- **Problem details**
Would you write out the entries again, exactly as they are, but without images?

Collection entries
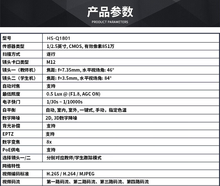 华视动狐华视4K超清电子云镜自动跟踪教学录播摄像机自动聚焦智能互动教学导播切换跟踪会议室录播室摄像头 录播 【教师/学生电子云镜跟踪摄像机】
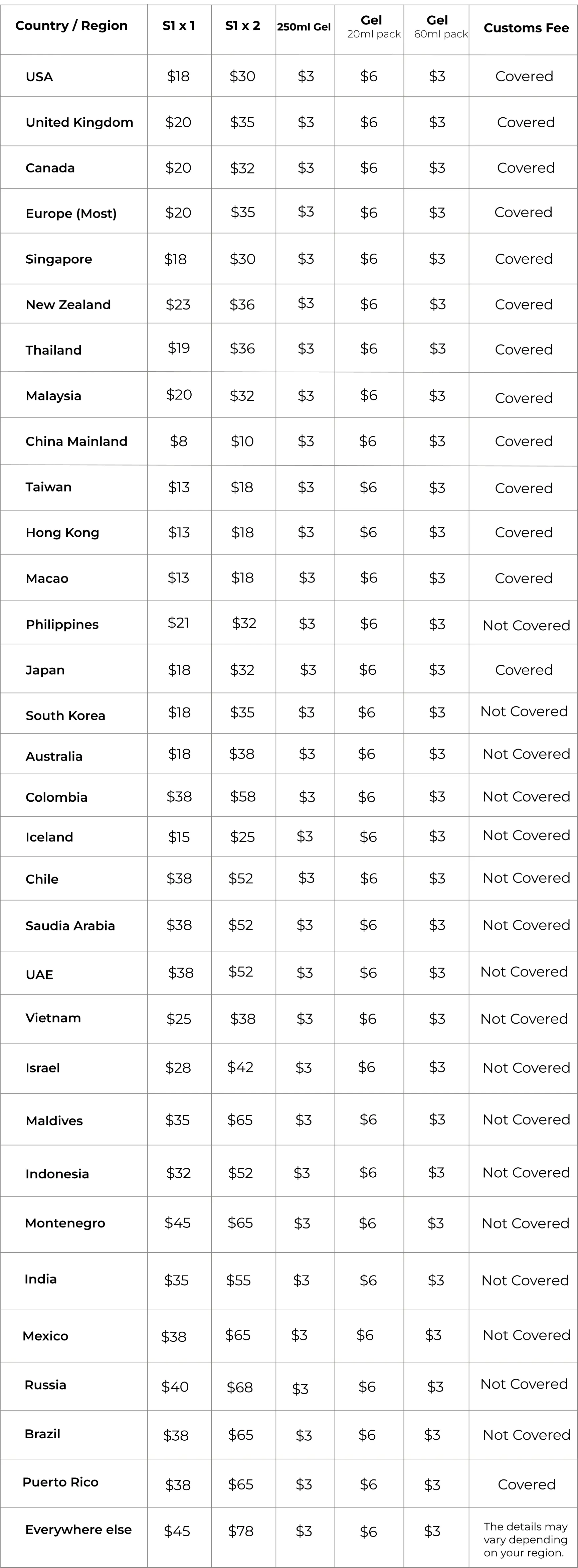 • For excluded regions, customers are responsible for handling any import taxes upon delivery. We will provide assistance where possible.
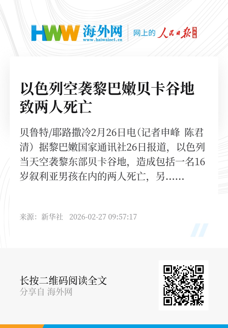 新华社贝鲁特/耶路撒冷2月26日电(记者申峰 陈君清)据黎巴嫩国家通讯社26日报道,以色列当天空袭黎东部贝卡谷地,造成包括一名16岁叙利亚男孩在内的两人死亡,另有18人受伤。
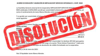 La Asamblea General universal de la Cooperativa ASOCLIMA ASOCIADOS DEL CLIMA S.COOP. MADRID”, celebrada el 24/01/2025 acordó por unanimidad la disolución y liquidación de la misma, así como el nombramiento de Paulino Palomares Rojas como socio liquidador. Y se aprobó, por unanimidad, el balance final de liquidación y el proyecto de distribución del haber social siguiente:
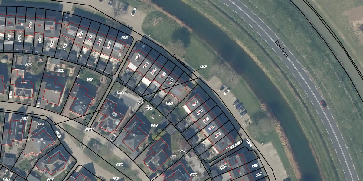 Het perceel waarop het adres ligt is HTN04-A-9326. De afkorting 'HTN04' staat voor kadastrale gemeente Houten. Het perceel is kleiner dan gemiddeld in Houten. Het perceel is 187 m² groot, terwijl het gemiddelde ligt op 2873 m². De grootste perceeloppervlakte in de kadastrale gemeente is 45,3 ha. De kleinste oppervlakte bedraagt 0 m². Op het perceel bevinden zich geen andere adressen. De huidige grenzen van het perceel zijn digitaal in de Basisregistratie Kadaster (BRK) geregistreerd op 02-05-2001.
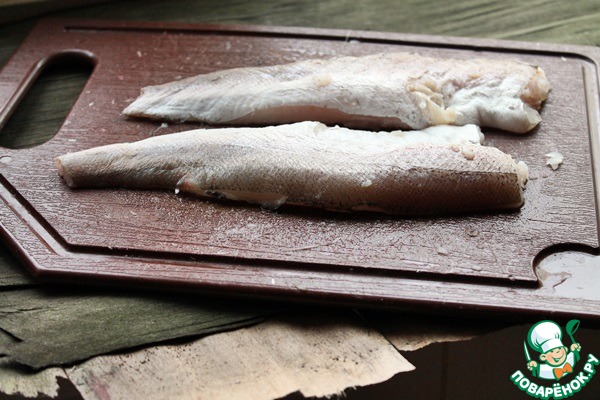 Тушку рыбы разделать на филе, в данном случае я готовлю хек. Подойдёт любая рыба без мелких костей
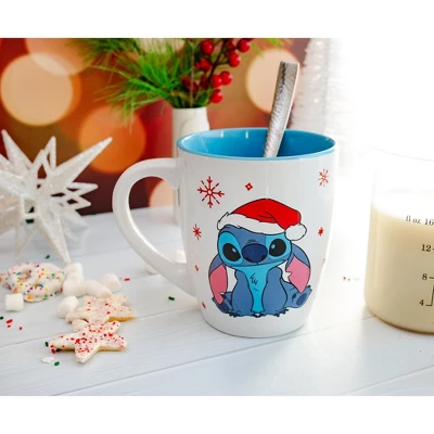 - TRENDY DRINKWARE: Fun Disney-themed mug featuring Stitch celebrating Christmas dressed as Santa!
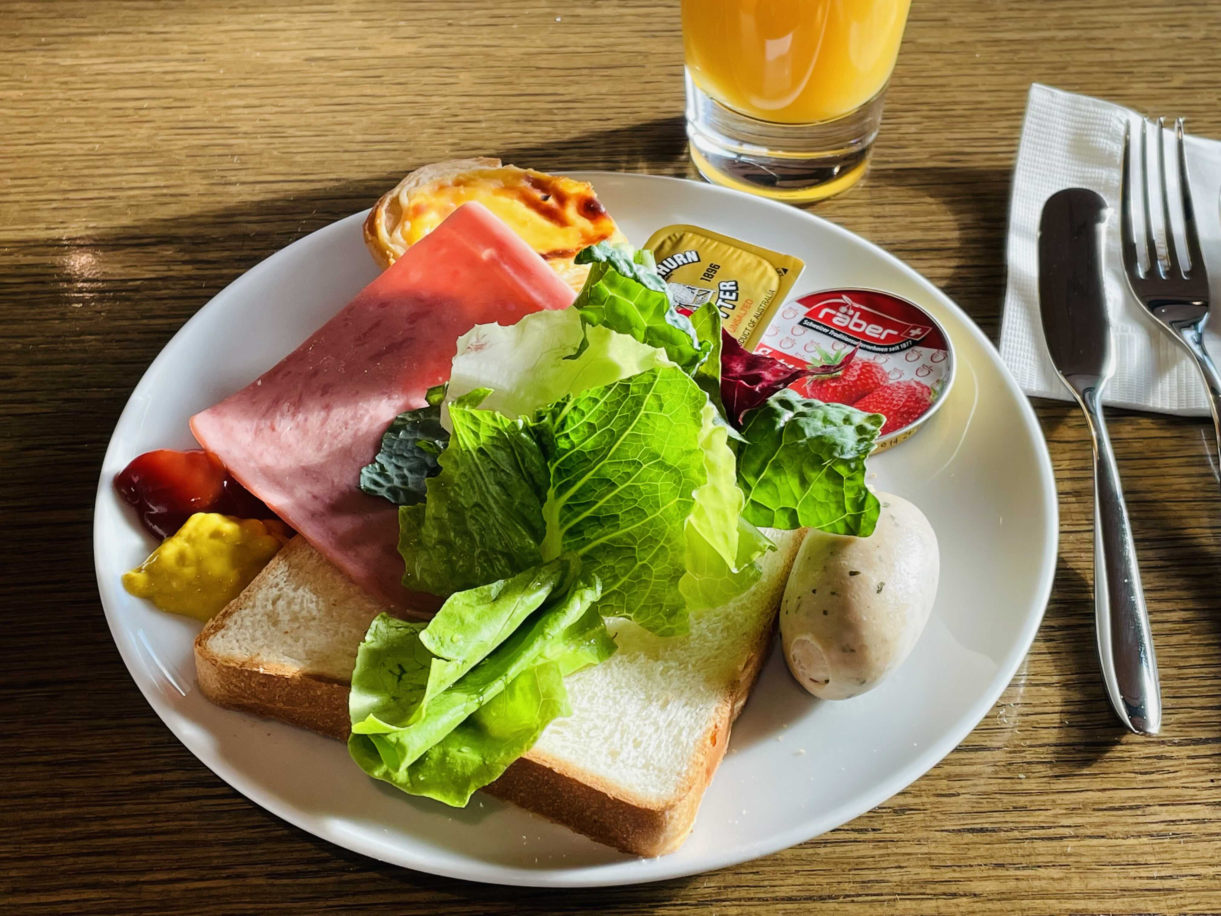 오전 7시 Light Breakfast에는 각종 빵, 샐러드, 소시지, 과일, 주스, 시리얼이 제공됩니다. 1인당 27,000원 추가하면 더뷔페에서 조식을 이용할 수도 있는데, 더글라스 라운지에서도 든든하게 조식을 드실 수 있어요.
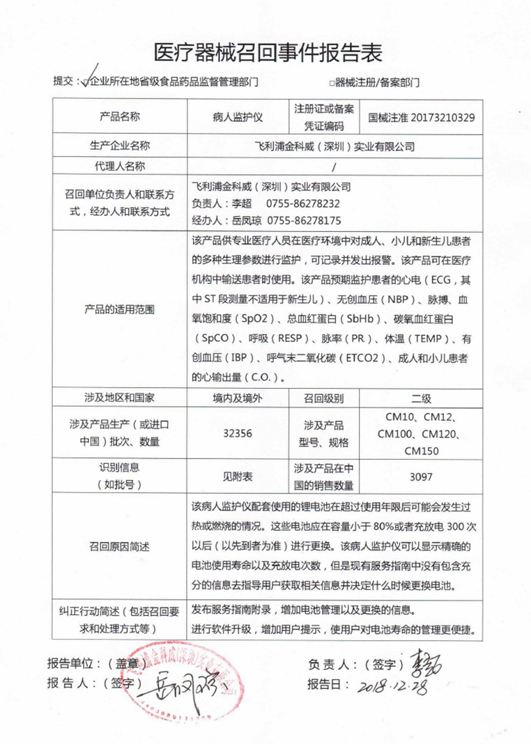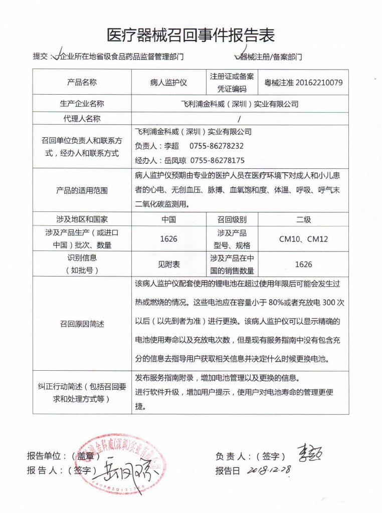 2018年,飛利浦也曾發(fā)布了多起對病人監(jiān)護(hù)儀的召回,其中一份召回報告也是二級召回,涉及到2672臺監(jiān)護(hù)儀,同樣是通過監(jiān)控內(nèi)部產(chǎn)品投訴發(fā)現(xiàn),存在鋰離子電池超過預(yù)期使用壽命后發(fā)熱或燃燒風(fēng)險。

- **Solution below**
 华视动狐华视4K超清电子云镜自动跟踪教学录播摄像机自动聚焦智能互动教学导播切换跟踪会议室录播室摄像头 录播 【教师/学生电子云镜跟踪摄像机】
 • For excluded regions, customers are responsible for handling any import taxes upon delivery. We will provide assistance where possible.
 新华社贝鲁特/耶路撒冷2月26日电(记者申峰 陈君清)据黎巴嫩国家通讯社26日报道,以色列当天空袭黎东部贝卡谷地,造成包括一名16岁叙利亚男孩在内的两人死亡,另有18人受伤。
 La Asamblea General universal de la Cooperativa ASOCLIMA ASOCIADOS DEL CLIMA S.COOP. MADRID”, celebrada el 24/01/2025 acordó por unanimidad la disolución y liquidación de la misma, así como el nombramiento de Paulino Palomares Rojas como socio liquidador. Y se aprobó, por unanimidad, el balance final de liquidación y el proyecto de distribución del haber social siguiente:
 Het perceel waarop het adres ligt is HTN04-A-9326. De afkorting 'HTN04' staat voor kadastrale gemeente Houten. Het perceel is kleiner dan gemiddeld in Houten. Het perceel is 187 m² groot, terwijl het gemiddelde ligt op 2873 m². De grootste perceeloppervlakte in de kadastrale gemeente is 45,3 ha. De kleinste oppervlakte bedraagt 0 m². Op het perceel bevinden zich geen andere adressen. De huidige grenzen van het perceel zijn digitaal in de Basisregistratie Kadaster (BRK) geregistreerd op 02-05-2001.
 Тушку рыбы разделать на филе, в данном случае я готовлю хек. Подойдёт любая рыба без мелких костей
 - TRENDY DRINKWARE: Fun Disney-themed mug featuring Stitch celebrating Christmas dressed as Santa!
 오전 7시 Light Breakfast에는 각종 빵, 샐러드, 소시지, 과일, 주스, 시리얼이 제공됩니다. 1인당 27,000원 추가하면 더뷔페에서 조식을 이용할 수도 있는데, 더글라스 라운지에서도 든든하게 조식을 드실 수 있어요.
 2018年,飛利浦也曾發(fā)布了多起對病人監(jiān)護(hù)儀的召回,其中一份召回報告也是二級召回,涉及到2672臺監(jiān)護(hù)儀,同樣是通過監(jiān)控內(nèi)部產(chǎn)品投訴發(fā)現(xiàn),存在鋰離子電池超過預(yù)期使用壽命后發(fā)熱或燃燒風(fēng)險。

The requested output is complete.